### [Records from a dataset]

——

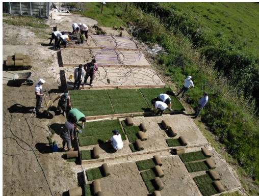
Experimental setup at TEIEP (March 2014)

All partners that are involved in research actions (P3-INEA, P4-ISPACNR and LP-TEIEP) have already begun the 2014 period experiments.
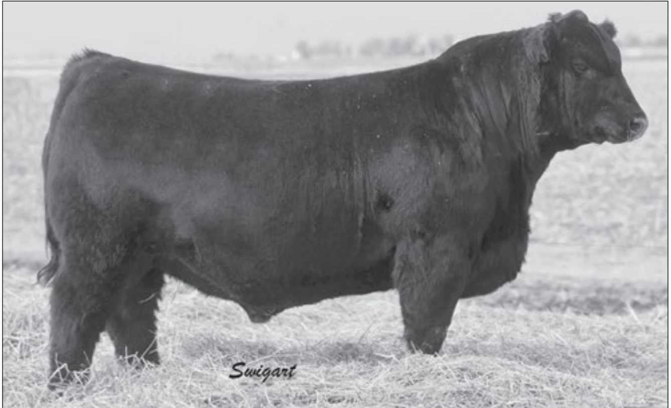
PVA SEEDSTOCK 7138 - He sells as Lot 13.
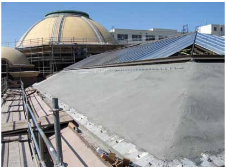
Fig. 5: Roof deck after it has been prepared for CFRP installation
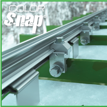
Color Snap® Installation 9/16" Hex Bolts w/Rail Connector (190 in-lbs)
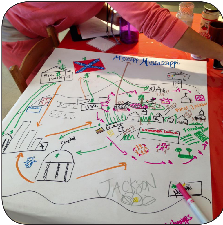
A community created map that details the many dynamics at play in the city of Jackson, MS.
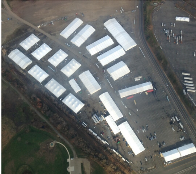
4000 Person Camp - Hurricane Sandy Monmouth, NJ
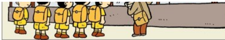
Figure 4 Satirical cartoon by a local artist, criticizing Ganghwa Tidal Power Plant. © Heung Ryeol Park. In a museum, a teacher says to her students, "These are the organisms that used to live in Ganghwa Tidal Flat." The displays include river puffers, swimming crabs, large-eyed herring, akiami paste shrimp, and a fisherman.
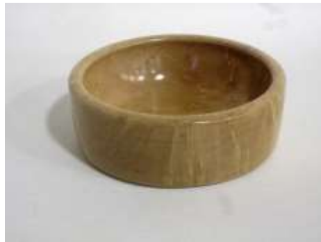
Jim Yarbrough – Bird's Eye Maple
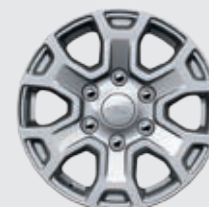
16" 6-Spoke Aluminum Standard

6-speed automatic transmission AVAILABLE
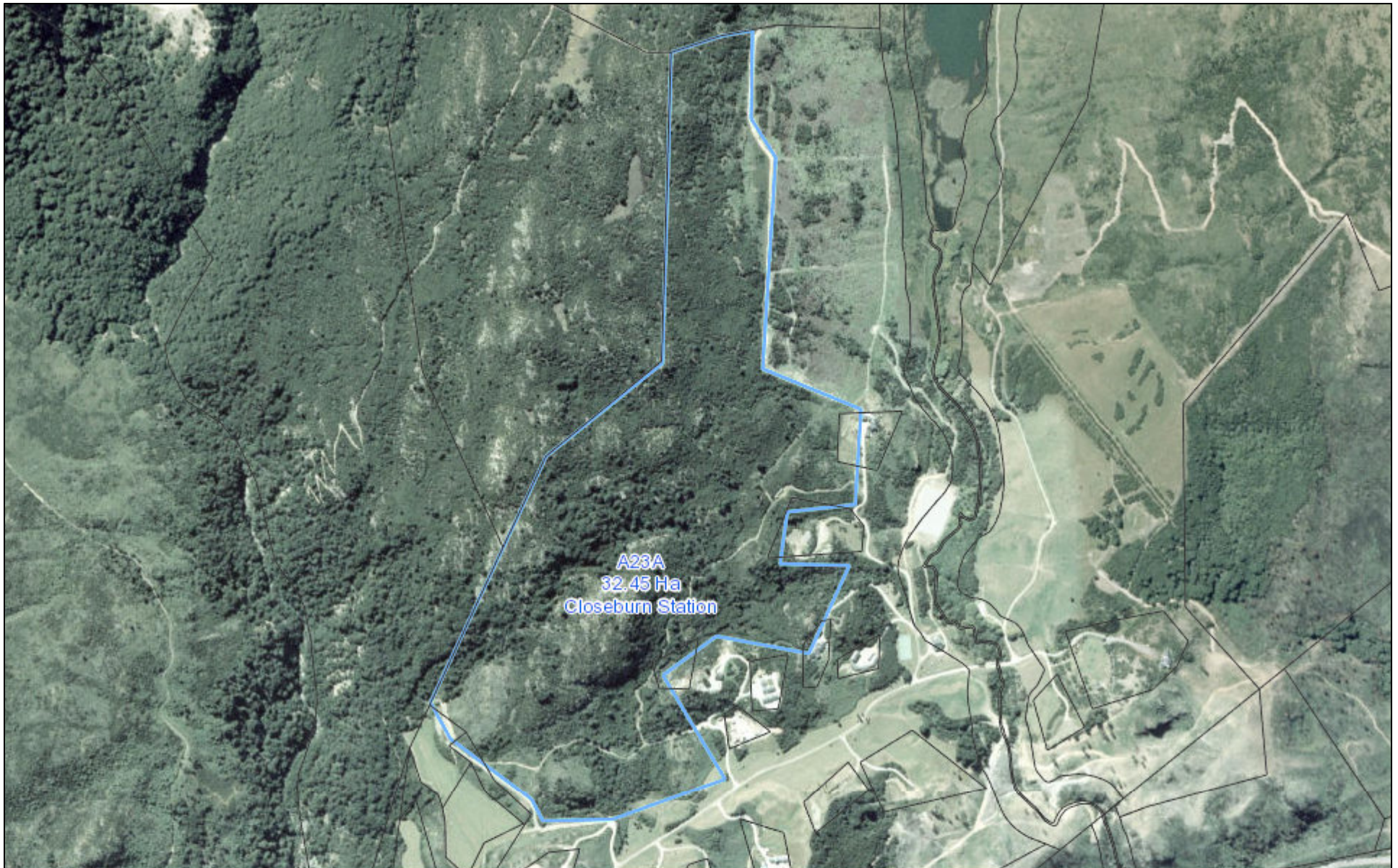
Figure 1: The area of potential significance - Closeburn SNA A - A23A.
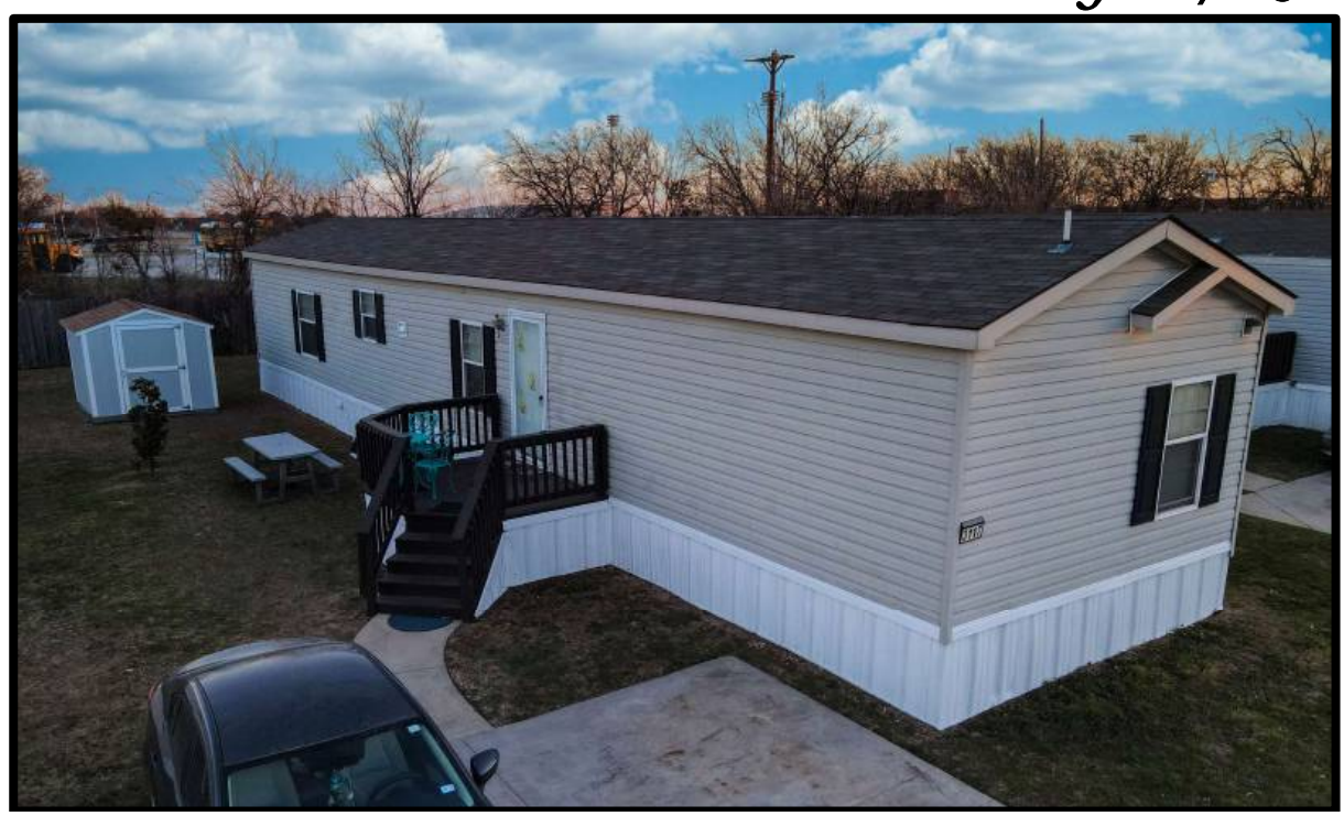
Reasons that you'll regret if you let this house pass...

——

### [WHAT YOU HAVE TO DO]
The copy starts at the line holding "6-speed automatic transmission AVAILABLE" and ends at the last line of the records above. Transcribe those lines exactly, pictures excluded.

### [WRITTEN RESPONSE]
6-speed automatic transmission AVAILABLE
Figure 1: The area of potential significance - Closeburn SNA A - A23A.
Reasons that you'll regret if you let this house pass...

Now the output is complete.